## TASK DETAILS
Please give back word for word the lines of the material below between the line containing "Modèle de débardeur" and the line containing "Напомним, что главная", inclusive.

## SUPPLIED DATA
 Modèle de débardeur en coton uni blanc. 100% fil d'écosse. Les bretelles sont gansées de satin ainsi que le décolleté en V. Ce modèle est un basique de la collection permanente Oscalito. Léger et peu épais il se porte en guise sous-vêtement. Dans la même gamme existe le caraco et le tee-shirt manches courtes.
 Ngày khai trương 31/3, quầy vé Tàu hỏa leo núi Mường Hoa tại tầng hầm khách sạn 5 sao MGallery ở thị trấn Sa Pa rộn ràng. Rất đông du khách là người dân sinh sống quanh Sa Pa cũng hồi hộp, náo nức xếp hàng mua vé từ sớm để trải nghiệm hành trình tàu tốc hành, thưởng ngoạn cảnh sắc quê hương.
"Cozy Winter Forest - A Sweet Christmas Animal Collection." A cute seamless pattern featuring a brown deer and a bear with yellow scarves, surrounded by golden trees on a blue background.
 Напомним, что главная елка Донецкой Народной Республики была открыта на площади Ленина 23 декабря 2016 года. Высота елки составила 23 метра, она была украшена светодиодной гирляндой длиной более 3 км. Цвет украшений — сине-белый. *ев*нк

...

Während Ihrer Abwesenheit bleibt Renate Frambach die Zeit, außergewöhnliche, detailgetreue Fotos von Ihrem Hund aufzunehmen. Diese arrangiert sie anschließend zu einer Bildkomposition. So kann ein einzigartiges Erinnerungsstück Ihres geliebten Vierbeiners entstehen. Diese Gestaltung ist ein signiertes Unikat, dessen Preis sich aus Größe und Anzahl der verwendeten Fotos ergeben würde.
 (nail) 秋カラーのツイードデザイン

## ANSWER TO THIS TASK
 Modèle de débardeur en coton uni blanc. 100% fil d'écosse. Les bretelles sont gansées de satin ainsi que le décolleté en V. Ce modèle est un basique de la collection permanente Oscalito. Léger et peu épais il se porte en guise sous-vêtement. Dans la même gamme existe le caraco et le tee-shirt manches courtes.
 Ngày khai trương 31/3, quầy vé Tàu hỏa leo núi Mường Hoa tại tầng hầm khách sạn 5 sao MGallery ở thị trấn Sa Pa rộn ràng. Rất đông du khách là người dân sinh sống quanh Sa Pa cũng hồi hộp, náo nức xếp hàng mua vé từ sớm để trải nghiệm hành trình tàu tốc hành, thưởng ngoạn cảnh sắc quê hương.
"Cozy Winter Forest - A Sweet Christmas Animal Collection." A cute seamless pattern featuring a brown deer and a bear with yellow scarves, surrounded by golden trees on a blue background.
 Напомним, что главная елка Донецкой Народной Республики была открыта на площади Ленина 23 декабря 2016 года. Высота елки составила 23 метра, она была украшена светодиодной гирляндой длиной более 3 км. Цвет украшений — сине-белый. *ев*нк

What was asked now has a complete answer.